State Senator Jeff Danielson makes a point in favor of arguing for campaign finance reform at a news conference at the Iowa Statehouse.  Danielson was a sponsor of legislation to protect Iowa elections from unfettered corporate spending.

State Senator Jeff Danielson makes a point in favor of campaign finance reform at a news conference at the Iowa Statehouse. Danielson was a sponsor of legislation to protect Iowa elections from unfettered corporate spending.

The Iowa Senate voted March 1 to make our state the first in the nation to protect elections from unregulated cash from big corporations and shadowy organizations.

Iowa is known as a place where all citizens decide who’s elected, not just the wealthy and powerful. But the U.S. Supreme Court’s decision in Citizens United v. FEC threatened change that reputation.

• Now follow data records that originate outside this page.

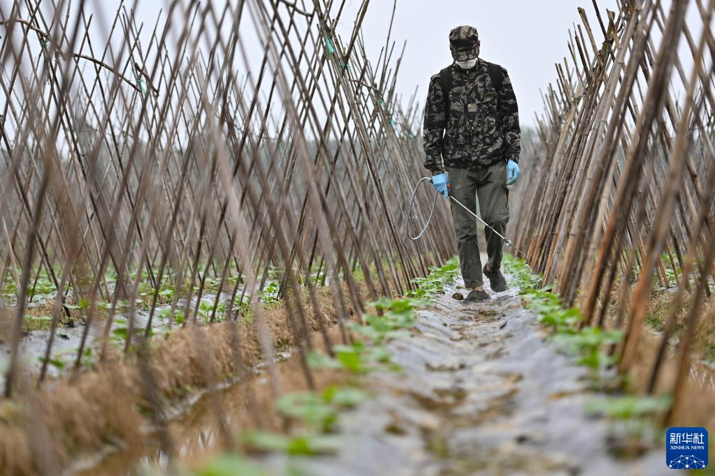 1月5日,在海南省澄邁縣金安農場(chǎng),農民為黃瓜苗噴灑農藥。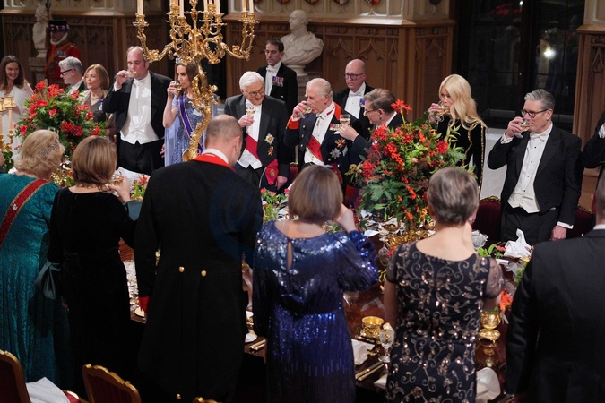 Guests raise a toast during the state banquet for the German President Frank-Walter Steinmeier and his wife Elke Budenbender, at Windsor Castle, Berkshire, on day one of their state visit to the UK. Picture date: Wednesday December 3, 2025., Credit:Yui Mok / Avalon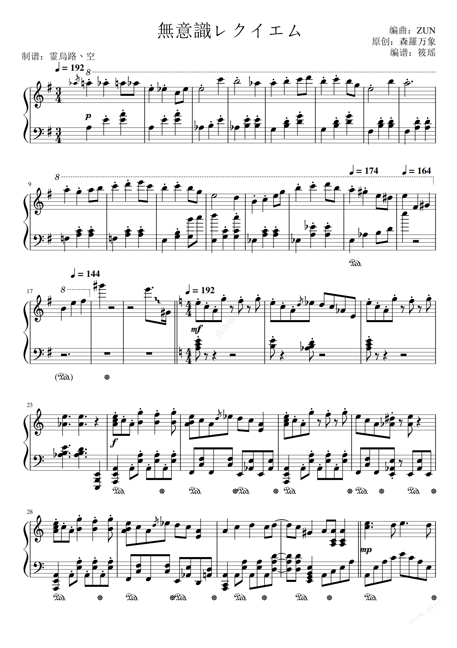 钢琴谱:无意识安魂曲(哈德曼的妖怪少女

By ruling that corporations and unions have the same political free speech rights as you and I, the U.S. Supreme Court effectively erased all rules and limits on corporate spending in political campaigns.

Iowa’s reputation for elections that focus on issues that matter to hard-working families is now at risk. In response, we are strengthening our laws to prevent a flood of anonymous, negative advertisements funded by big corporations.

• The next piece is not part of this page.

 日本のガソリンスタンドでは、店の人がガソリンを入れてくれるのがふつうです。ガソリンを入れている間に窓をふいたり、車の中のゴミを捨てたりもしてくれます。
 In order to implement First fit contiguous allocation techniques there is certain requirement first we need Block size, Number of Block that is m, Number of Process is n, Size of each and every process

Senate File 2354, which passed the Senate 49-1, will ensure that Iowans have a clearer picture of how big corporations attempt to influence our elections. It will require a corporation to:

** Add “paid for by” statements—including the name of the corporation or union—on all published and electronic communications.

** Have authorization from its board of directors (or similar leadership body) before spending money to advocate for or against a candidate.

** File regular electronic reports with the Campaign Finance Disclosure Board and also report within 48 hours of making of an independent expenditure.

** Not share an advertising firm or consultant with a candidate or ballot issue committee that benefits from the corporation’s independent expenditures.

Finally, a foreign national is prohibited from making an independent expenditure of any kind in Iowa.

The legislation now goes to the Iowa House.